Olhava para mim. O seu rosto estava pálido, denunciando fadiga. Depois . vendo-se nitidamente que precisava de compartilhar as suas preocupações com alguém . disse:
- Tenho a certeza que com o gato não haverá perigo. Não preciso de me preocupar com ele. O pior são os outros. Diga-me uma coisa: O que é que pensa a respeito dos outros?
- Acho que se vão desenrascar.
- Acha que sim?
- Porque não? . retorqui-lhe, olhando para a outra margem onde já não havia quaisquer carroças.
- Mas que hão-de eles fazer debaixo do fogo de artilharia, quando a mim me disseram para retirar?
- Você deixou o pombal aberto? . perguntei-lhe.
- Deixei.
- Então os pombos fogem.
- Sim, claro que fogem. Mas os outros? Nem é bom pensar nos outros!

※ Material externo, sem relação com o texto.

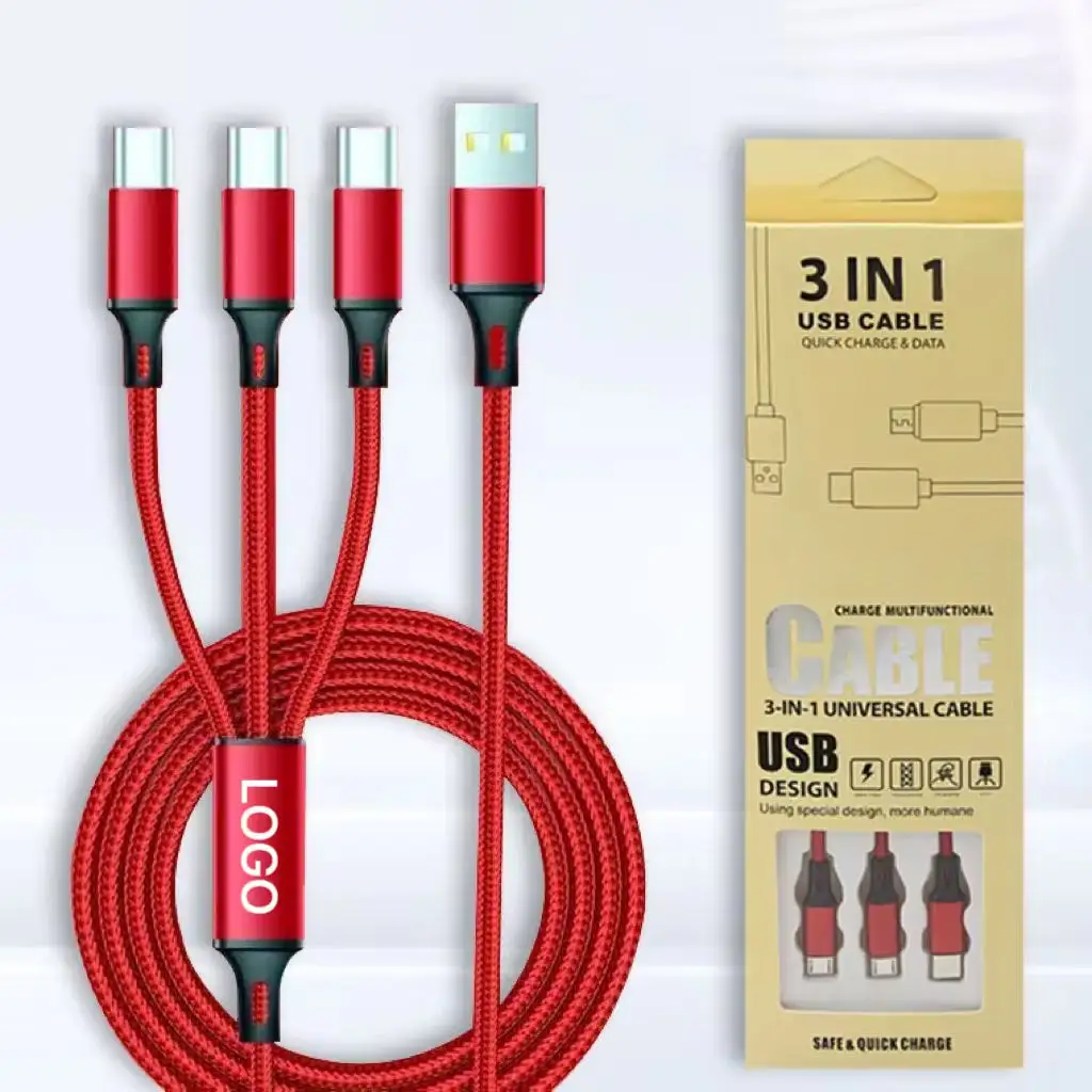 Hot Selling Multiple Universal 3in1 Charger One USB Multi 3 in 1 Charging Data USB Cable for Phone Micro USB Type C

- Se já repousou é melhor andar . apressei-o eu. . Levante-se e experimente andar.
- Obrigado . disse.
Levantou-se, oscilou como um pêndulo, e deixou-se cair para trás, sentado na poeira.
- Eu cuidava dos animais . disse, melancolicamente.
E, agora, já não era para mim que falava.
- Eu só cuidava dos animais...
Não havia nada a fazer-lhe. Estávamos no domingo de Páscoa, e os fascistas avançavam para o Ebro. O dia mostrava-se triste e cinzento. As nuvens rasavam a terra. Por isso, não apareciam os aviões do inimigo. Essa circunstância e o facto de os gatos serem capazes de perfeitamente tomarem conta de si mesmos, eram as únicas coisas que, poderiam constituir para o velhinho um pálido sorriso da fortuna.